How can just sedimentation of sand, bury big building to such depths?
If lack of habitation by humans eventually results in burying of things, then what about the places like Chernobyl, which has not been inhabited for a long time?
I am not a physics grad or anything, just a curious guy.
Any help is much appreciated.
Since you mentioned gravity in your question I'll breifly introduce another curious component (there are others,see reference below) which results in globally non-uniform sea level changes. We are not experiencing a lower level of gravity (gravity is a constant). The amount of gravity that something possesses is proportional to its mass and distance between it and another object.
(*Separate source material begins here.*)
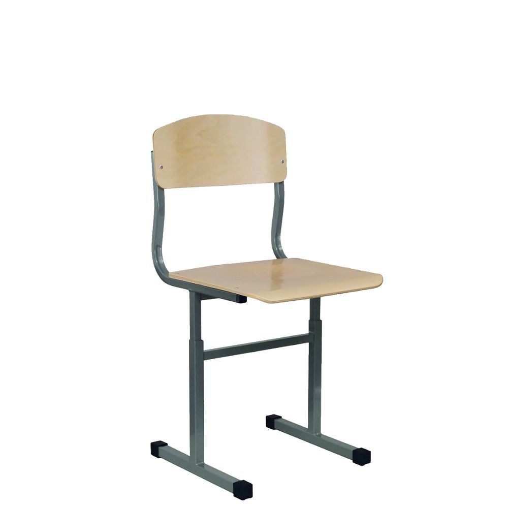 Стулья ученические серии «Бюджет» изготавливаются в соответствии с требованиями ГОСТ 22046, ГОСТ 11016. Спинка стула из гнутоклееной берёзовой фанеры 9 мм имеет анатомически правильную форму. Повторяет естественный изгиб и снижает нагрузку на позвоночник. На основании каркаса травмобезопасные пластиковые протекторы для защиты напольного покрытия от повреждений (по запросу могут комплектоваться фетровыми противоскользящими накладками). Каркас окрашен качественной и безопасной порошковой краской, прочной к механическим и химическим воздействиям. Изменение высоты каркаса происходит посредством регулировки двух телескопических стоек, с шагом 40 мм. Фиксируется с помощью 8-ми винтов М6х12 (по 4шт. с каждой стороны) в накатную резьбу.
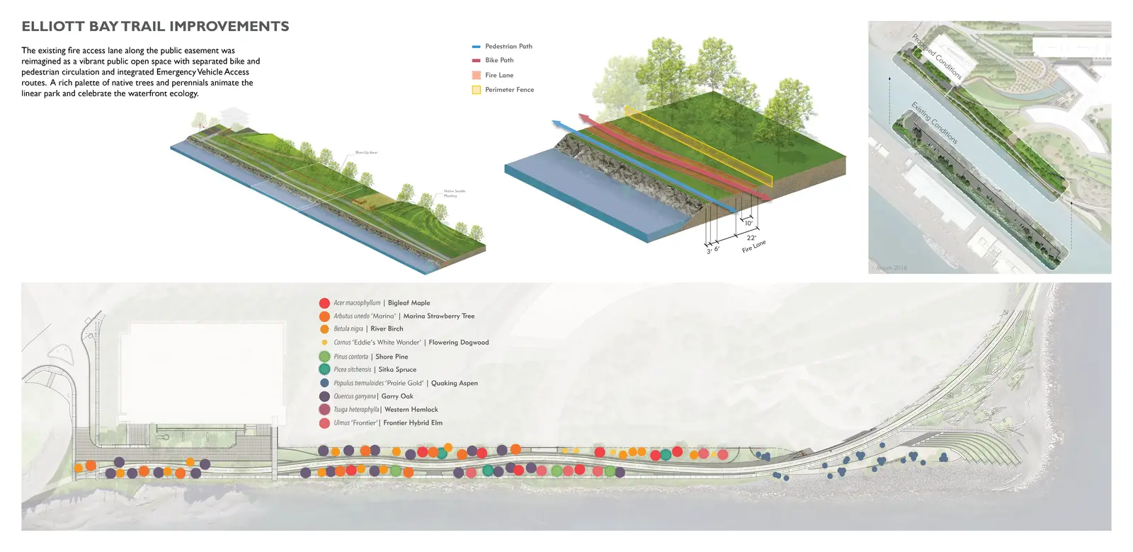 The designers collaborated with the client to re-aggregate public easements, creating a consolidated park and trail system along the Puget Sound for the public. A new terraced overlook and a richly planted dune habitat softens the edge of the water and provides new universally accessible space at the edge of Elliott Bay. A separated system of bike and pedestrian paths weave through the landscape that is rich with native plants and trees, allowing habitat for pollinators and birds, and aligning with the Salmon Safe certification program requirements.

On Earth mass is obviously not evenly distributed, with each location on the planet experiencing a different mass-dependant perturbation of the gravitational field. So for example, as an ice sheet forms and grows mass increases which results in a gravitational perturbation which attracts the ocen toawrds the ice sheet but as the ice sheet melts and the gravitational perturbation reduces that water that was previously drawn towards the ice mass is redistributed in distant locations from the ice mass. This (counterintuitively) means that the greatest rates of sea level rise as a consequence of Greenland melt are actually experienced in the Southern Hemisphere.
Hope this serves as a useful introduction. I would usually include more references but I'm writing this on my phone right now whilst travelling on a train. One key reference,which is written in a non-technical style, worth checking out is : Sea level is not level : The case for a new approach to predicting UK sea-level rise. / Gehrels, Willem Roland; Long, A.J. In: Geography Compass, Vol. 93, No. 1, 01.03.2008, p. 11-16.